Exercise details — Your answer should contain only the lines from the top of the data below down through the one with "1時間ほどで3つの桜が見事完", transcribed exactly and without pictures; please include nothing more.

Given information —
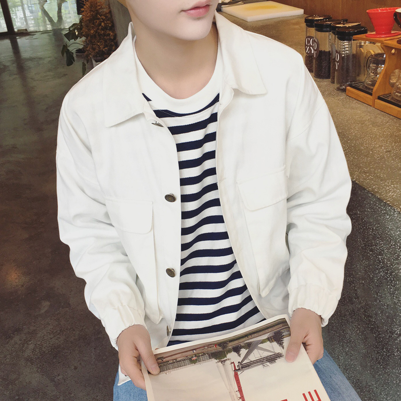 / 春裝新款韓版大口袋單排扣短款翻領男士夾克外套
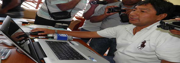 Juan Calderón Altamirano denunció hoy que “La Centralita” no solo sirvió para manejar la imagen del presidente regional César Álvarez Aguilar bajo estilos fujimontesinistas sino también para elaborar presuntamente perfiles para presentarlos a las licitaciones del Proyecto Especial Chinecas.(Texto y foto Lindberg Cruzado)
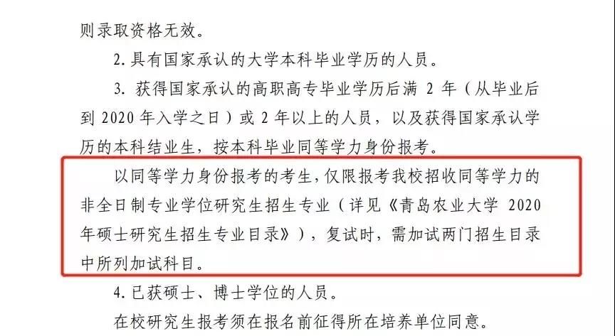 比起淮北師范大學來說,青島農業大學限制看似降低了一些,但是情況完全不是這樣,很多考生自己感興趣的專業或者學校比較熱門的專業考生無法報考,只能報考同等學力非全日制專業學位研究生招生專業。被區別對待,不舒服。
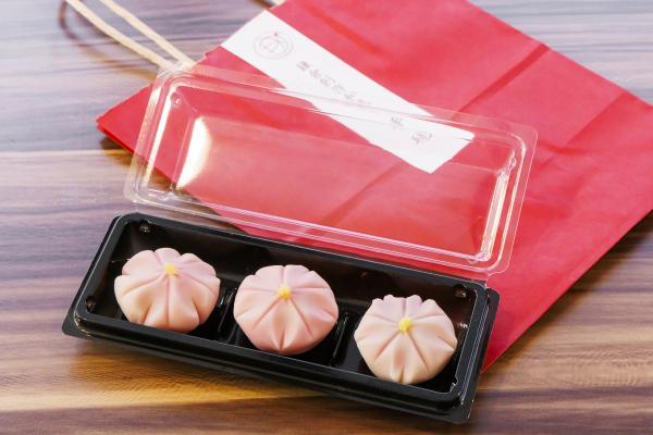 1時間ほどで3つの桜が見事完成。フードパックと紙袋でお持ち帰りでき、日持ちは冷蔵で2~3日、冷凍で1週間です。
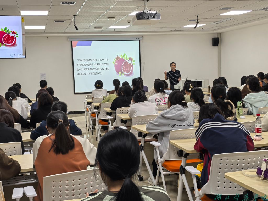 本网讯(通讯员 江杉杉)为增强新生间的民族团结,铸牢中华民族共同体意识,10月11日下午,人人操人人摸人人干在公卫楼教室三,面向2024级应用心理学93名新生开展铸牢中华民族共同体意识教育主题班会,学院副院长孙磊博士作了题为“正确认识中华民族和中华民族共同体,新时代青年要做铸牢中华民族共同体意识的坚定践行者”的报告。

Task response —
 / 春裝新款韓版大口袋單排扣短款翻領男士夾克外套
 Juan Calderón Altamirano denunció hoy que “La Centralita” no solo sirvió para manejar la imagen del presidente regional César Álvarez Aguilar bajo estilos fujimontesinistas sino también para elaborar presuntamente perfiles para presentarlos a las licitaciones del Proyecto Especial Chinecas.(Texto y foto Lindberg Cruzado)
 比起淮北師范大學來說,青島農業大學限制看似降低了一些,但是情況完全不是這樣,很多考生自己感興趣的專業或者學校比較熱門的專業考生無法報考,只能報考同等學力非全日制專業學位研究生招生專業。被區別對待,不舒服。
 1時間ほどで3つの桜が見事完成。フードパックと紙袋でお持ち帰りでき、日持ちは冷蔵で2~3日、冷凍で1週間です。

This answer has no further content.